File Name Description
index.html Includes all screens needed for logged-out users, including registration, login, account merging, password reset, and email verification.
edit-profile.html Includes all screens accessible by logged-in users for profile management functionality.

Scripts Folder

Two scripts are also included as part of the reference implementation and referenced on both of the HTML pages.

File Name Description
janrain-init.js Includes JavaScript settings and events needed to load the Registration UI. Some settings, such as the ones linking the integration to your application, are required. Other settings for things such as locale, styling options, or enabling Single Sign-on are optional. Sample event handlers are included to handle navigation through the reference implementation based on whether the user is logged in with a valid access token. Additional settings and events are documented on the Registration JavaScript API page.
janrain-utils.js Optional JavaScript functions useful for troubleshooting and debugging during integration, such as logging Janrain events in the console or displaying the currently-loaded flow version.

Styles Folder

Two CSS files are also included as part of the reference implementation.
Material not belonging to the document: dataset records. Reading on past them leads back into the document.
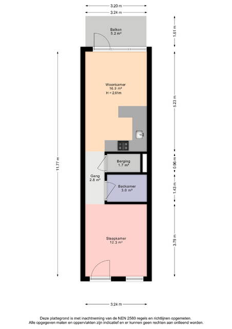 Entree, slaapgedeelte, woongedeelte met moderne open keuken, voorzien van vier pits gasfornuis met afzuigkap, koelkast, vaatwasser en combimagnetron. Verder zijn er voldoende boven- en onderkasten aanwezig. Vanuit het woonkamer gedeelte is er toegang tot een balkon (ca. 3.25m² bij 1,50m²). De studio beschikt verder over een nette badkamer, uitgerust met wastafel, douche, toilet en opstelplaats voor wasmachine/droger. Daarnaast is er een inpandige bergruimte waar zich eveneens de groepenkast, cv- en mv-installatie bevindt.
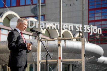 Samferdselsminister Jon-Ivar Nygård (Ap) under den offisielle åpningen av nytt dobbeltspor og…
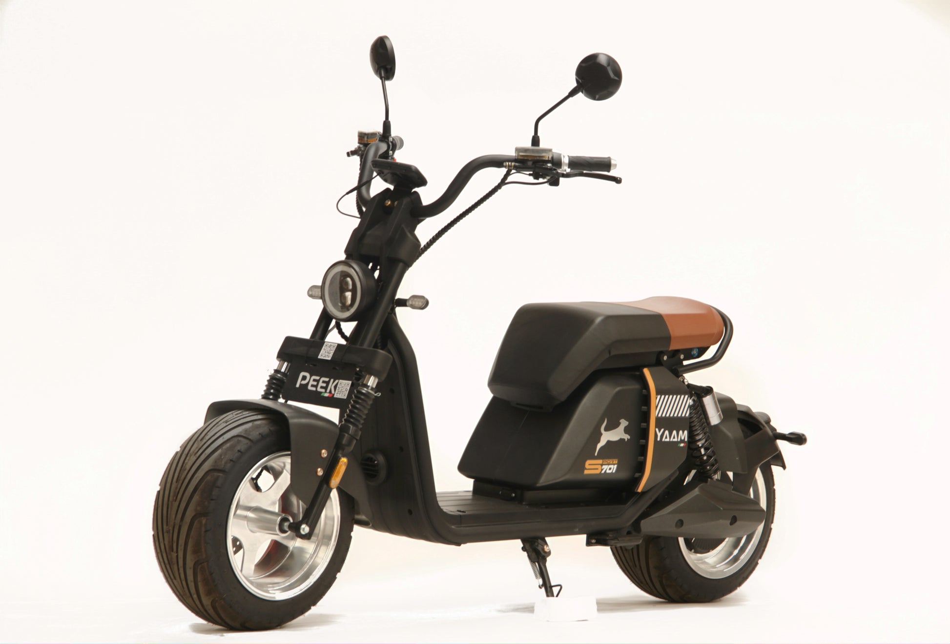 El YAAM 3000 es un vehículo eléctrico de alto rendimiento con motor de 3000W que supera los 80 km/h. Su batería de grafeno ofrece una autonomía de hasta 60 km y se recarga en 4 a 6 horas, con más de 500 ciclos de vida útil. Cuenta con frenos hidráulicos de disco, rines de aluminio y llantas dobles para mayor estabilidad. Su diseño elegante está disponible en azul, negro, naranja y rojo, e incluye luces LED de alta penetración, alarma y encendido equipado. Soporta hasta 200 kg y ofrece mantenimiento sencillo con garantía de un año o 10,000 km.

These files do not have to be used, but they provide a starting point for modification and extension as you apply your own styles to the Janrain Registration UI.

File Name Description
janrain.css A baseline stylesheet containing Janrain’s default styling for buttons, fields, text, and other elements that may appear in the Registration UI. This file is included in the array for janrain.settings.capture.stylesheets in janrain-init.js, which loads it after all other stylesheets are loaded from the Janrain platform so that default styles are overridden.
janrain-mobile.css A stylesheet extending the janrain.css file to optimize the Registration UI for mobile devices. This file is included in the array for janrain.settings.capture.mobileStylesheets, which should be placed after the stylesheets setting so any styling loaded from that file is overridden for Mobile.

Configuration Acceptance Testing

Configuration Acceptance Testing is a separate process from end-to-end integration testing and user acceptance testing. The objective is to confirm that any configurations made by Janrain have been completed as agreed upon in any configuration documentation the customer approved during the requirements gathering phase. This testing is completed by the customer at the Janrain-hosted reference implementation.
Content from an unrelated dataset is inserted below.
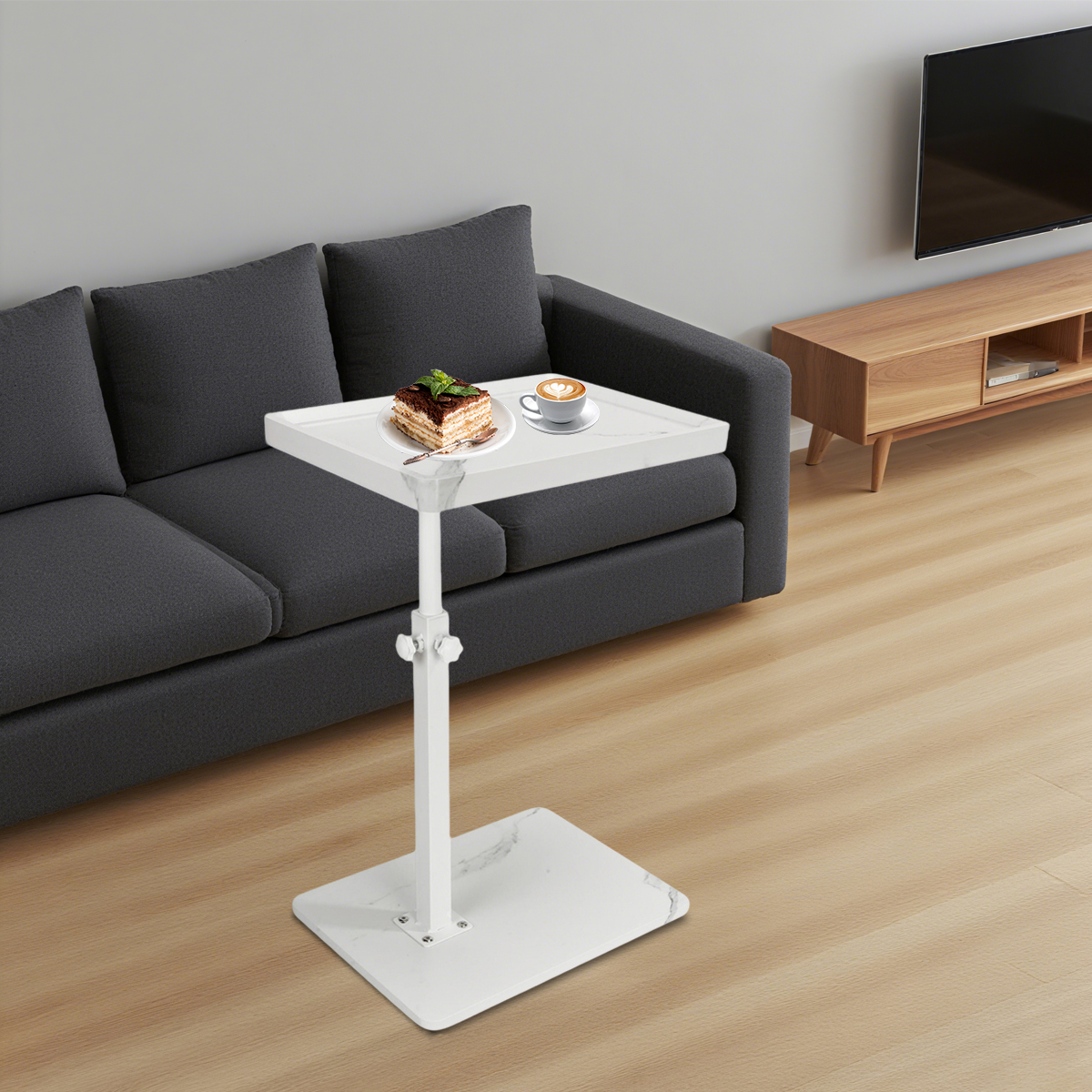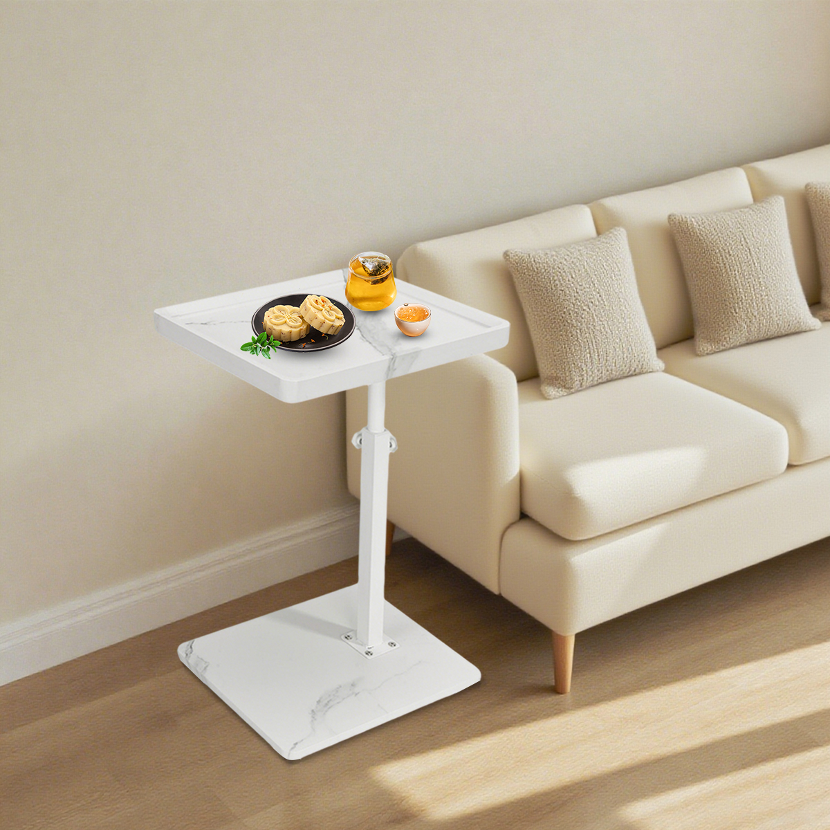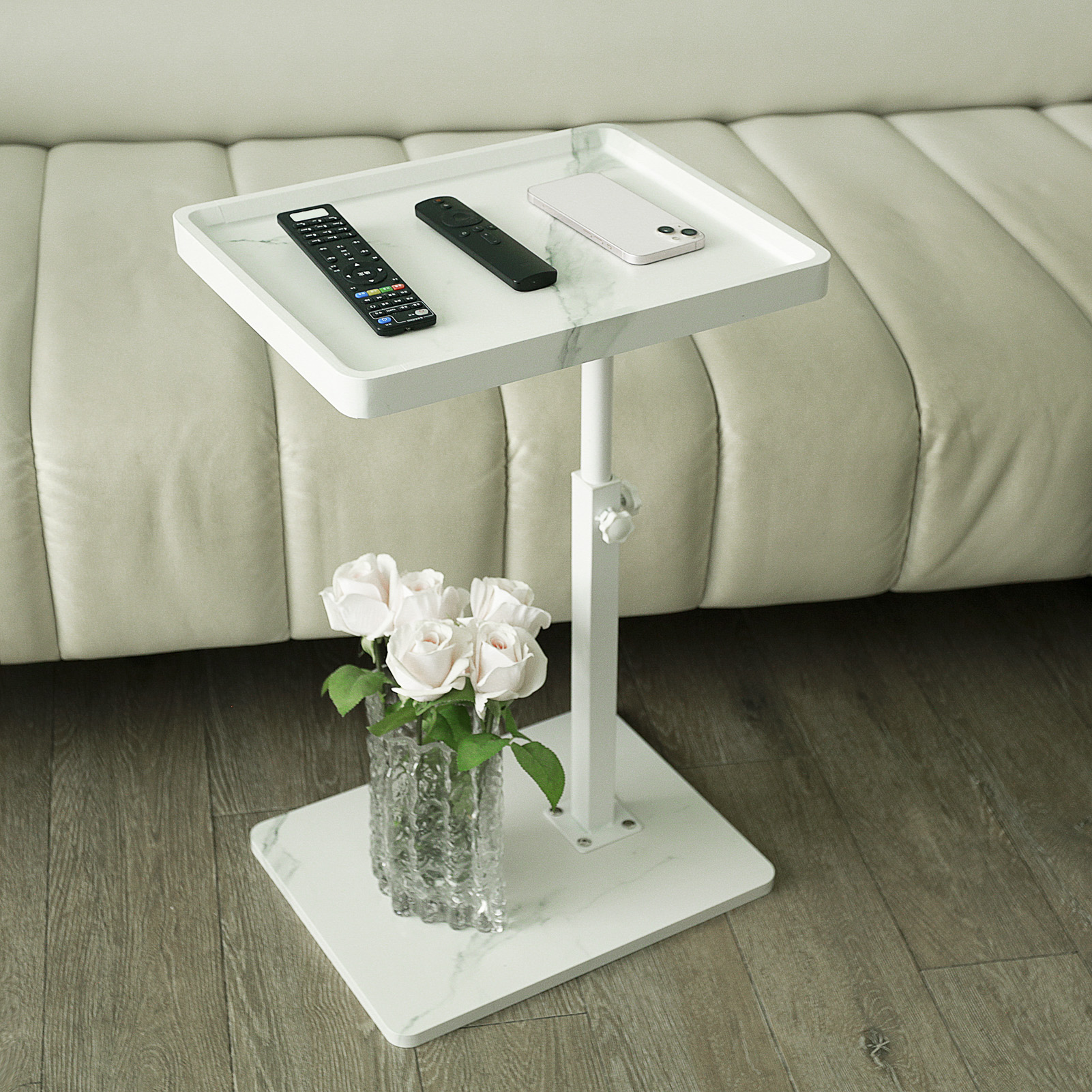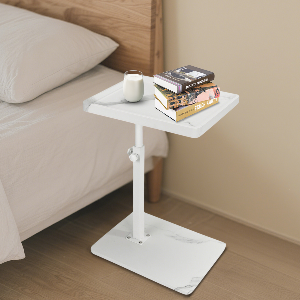 Medium Density Fiberboard & Iron adjustable Side Table durable white PC

Janrain provides a set of standard test cases for 20+ use cases along with with step-by-step test actions and their expected results. Custom test cases will also be provided for any custom requirements agreed upon in the configuration documentation.

Configuration Acceptance Testing may cover the following types of activities:

  • Verify that the correct fields are shown on each screen (social registration, traditional registration, edit profile, and so on).
  • Verify that the correct validations are applied to each field (length, format, requiredness, and so on).
  • Verify that any select menus include the correct options.
  • Verify that the correct field labels and error messages are displayed in each language.
  • Verify that the new records are created with all of the necessary data captured by checking in the Console.
  • Verify social and traditional login work as expected for existing records.
  • Verify that any post-login screens are displayed as expected (gating based on age, email verification, acceptance of legal terms, and so on).
  • Verify that data is updated correctly from the edit profile screen.

Because all styling and screen layout will be controlled on the customer’s site, Configuration Acceptance Testing should not cover the following types of activities:

  • Styling/layout of the widget.
  • Client-side functions for validation or navigation.
  • Client-side content gating.
  • HTML-controlled messaging/navigation on the reference implementation.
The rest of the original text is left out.